United States District Court, W.D. North Carolina, Asheville Division
Aug 1, 2002
No. 1:02cv32-T (W.D.N.C. Aug. 1, 2002)

Opinion

No. 1:02cv32-T

August 1, 2002


MEMORANDUM AND RECOMMENDATION


THIS MATTER is before the court upon plaintiff's Motion for Summary Judgment and the Commissioner's Motion for Summary Judgment. Having carefully considered those motions and reviewed the pleadings, the undersigned enters the following findings, conclusions, and recommendation.

FINDINGS AND CONCLUSIONS

I. Administrative History

On May 14, 1999, plaintiff filed an application for disability insurance benefits. In that application, she alleged that she became unable to work on July 31, 1985, due to back pain. Plaintiff's date last insured was March 31, 1995. Her claim was denied initially and upon reconsideration. She then requested a hearing before an administrative law judge ("ALJ"), and that hearing was conducted on February 25, 2000. The decision of the ALJ issued on March 23, 2000, and plaintiff was found not disabled at any relevant time because she retained the residual function capacity to perform her past relevant work as a medical clerk and receptionist, which are jobs at the sedentary exertional level. On January 2, 2002, the Appeals Council denied plaintiff's request for review, making the ALJ's decision the final decision of the Commissioner.

II. Factual Background

It appearing that the ALJ's findings of fact are supported by substantial evidence, the undersigned adopts and incorporates them herein as if fully set forth. In order to aid further review, those findings are summarized below.

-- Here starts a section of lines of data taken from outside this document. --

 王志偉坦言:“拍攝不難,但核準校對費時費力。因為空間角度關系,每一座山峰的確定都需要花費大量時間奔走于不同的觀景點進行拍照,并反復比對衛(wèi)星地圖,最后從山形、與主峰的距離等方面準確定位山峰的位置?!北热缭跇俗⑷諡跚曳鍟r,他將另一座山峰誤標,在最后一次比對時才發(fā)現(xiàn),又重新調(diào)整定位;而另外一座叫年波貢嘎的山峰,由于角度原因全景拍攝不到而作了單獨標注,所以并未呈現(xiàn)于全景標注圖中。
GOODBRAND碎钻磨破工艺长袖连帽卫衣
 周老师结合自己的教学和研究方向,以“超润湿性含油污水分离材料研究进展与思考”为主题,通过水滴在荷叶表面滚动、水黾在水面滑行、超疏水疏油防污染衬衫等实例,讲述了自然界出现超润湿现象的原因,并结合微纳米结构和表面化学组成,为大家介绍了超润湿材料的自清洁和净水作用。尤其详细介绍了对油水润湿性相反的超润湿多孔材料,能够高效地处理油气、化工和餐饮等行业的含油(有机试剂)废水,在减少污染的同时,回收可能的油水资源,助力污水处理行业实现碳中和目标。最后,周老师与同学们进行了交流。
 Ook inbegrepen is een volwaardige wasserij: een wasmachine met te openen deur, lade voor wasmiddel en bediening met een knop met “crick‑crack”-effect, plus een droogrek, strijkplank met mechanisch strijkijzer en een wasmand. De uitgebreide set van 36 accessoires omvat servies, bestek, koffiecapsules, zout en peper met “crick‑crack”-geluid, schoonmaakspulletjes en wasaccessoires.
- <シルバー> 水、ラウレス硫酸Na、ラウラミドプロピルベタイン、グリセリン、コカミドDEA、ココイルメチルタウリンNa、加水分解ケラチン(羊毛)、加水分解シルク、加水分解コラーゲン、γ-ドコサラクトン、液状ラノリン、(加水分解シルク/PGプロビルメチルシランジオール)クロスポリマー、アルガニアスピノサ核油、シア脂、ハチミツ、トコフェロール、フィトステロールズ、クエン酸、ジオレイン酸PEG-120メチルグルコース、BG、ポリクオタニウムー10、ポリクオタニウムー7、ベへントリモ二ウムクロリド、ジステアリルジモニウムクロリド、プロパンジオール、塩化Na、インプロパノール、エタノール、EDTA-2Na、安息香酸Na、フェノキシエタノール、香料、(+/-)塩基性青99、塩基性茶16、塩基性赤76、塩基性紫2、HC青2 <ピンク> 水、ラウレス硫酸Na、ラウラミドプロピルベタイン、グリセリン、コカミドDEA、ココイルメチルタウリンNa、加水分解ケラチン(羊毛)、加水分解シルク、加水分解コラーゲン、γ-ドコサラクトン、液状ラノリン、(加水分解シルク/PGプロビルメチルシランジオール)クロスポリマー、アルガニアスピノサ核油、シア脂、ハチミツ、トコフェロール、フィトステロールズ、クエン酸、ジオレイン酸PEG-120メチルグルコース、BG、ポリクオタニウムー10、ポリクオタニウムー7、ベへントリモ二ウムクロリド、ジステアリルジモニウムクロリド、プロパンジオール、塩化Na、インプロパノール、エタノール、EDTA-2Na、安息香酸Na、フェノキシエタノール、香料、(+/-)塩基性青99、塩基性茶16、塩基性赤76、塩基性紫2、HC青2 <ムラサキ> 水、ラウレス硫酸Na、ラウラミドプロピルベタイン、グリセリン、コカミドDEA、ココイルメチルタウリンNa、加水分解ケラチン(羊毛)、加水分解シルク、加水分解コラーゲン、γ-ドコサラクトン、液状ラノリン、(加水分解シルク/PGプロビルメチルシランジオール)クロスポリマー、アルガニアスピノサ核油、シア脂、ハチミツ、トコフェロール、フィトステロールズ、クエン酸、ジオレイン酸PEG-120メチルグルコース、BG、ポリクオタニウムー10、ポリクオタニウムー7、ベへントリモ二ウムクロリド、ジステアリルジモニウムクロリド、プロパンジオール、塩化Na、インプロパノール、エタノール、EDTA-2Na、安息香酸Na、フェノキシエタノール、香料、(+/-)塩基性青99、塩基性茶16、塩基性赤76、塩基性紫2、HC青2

In 1983, plaintiff worked as a nursing assistant and injured her back while lifting a patient. Her injury was treated conservatively, and she returned to work as a receptionist later that year. There are no further medical records until December 1989, when plaintiff presented at an emergency room complaining of back spasms, but lumbar spine x-rays taken that day were negative. Notes between 1992 and 1995 from plaintiff's treating family physician indicate she had complaints of recurrent low back pain, radiating into the left leg. Her doctor ordered an MRI, but she was unable to complete the procedure, and she was prescribed Orudis and Darvocet for inflammation and pain.

In 1993, plaintiff also sought treatment by a neurologist for the same symptoms plus a burning pain in her left leg, but no weakness. A myleogram revealed a herniated disc, with nerve root compression. The neurologist noted that plaintiff was in no apparent distress, there were no deformities of the extremities, she had a weakly positive straight leg raising sign on the left at 45 degrees, tenderness to palpation in the lower lumbar spine, 5/5 motor strength in upper and lower extremities, and diminished sensory testing in the L5-s1 distribution. The neurologist recommended a microlumbar diskectomy, which she refused because the outcome did not sound encouraging.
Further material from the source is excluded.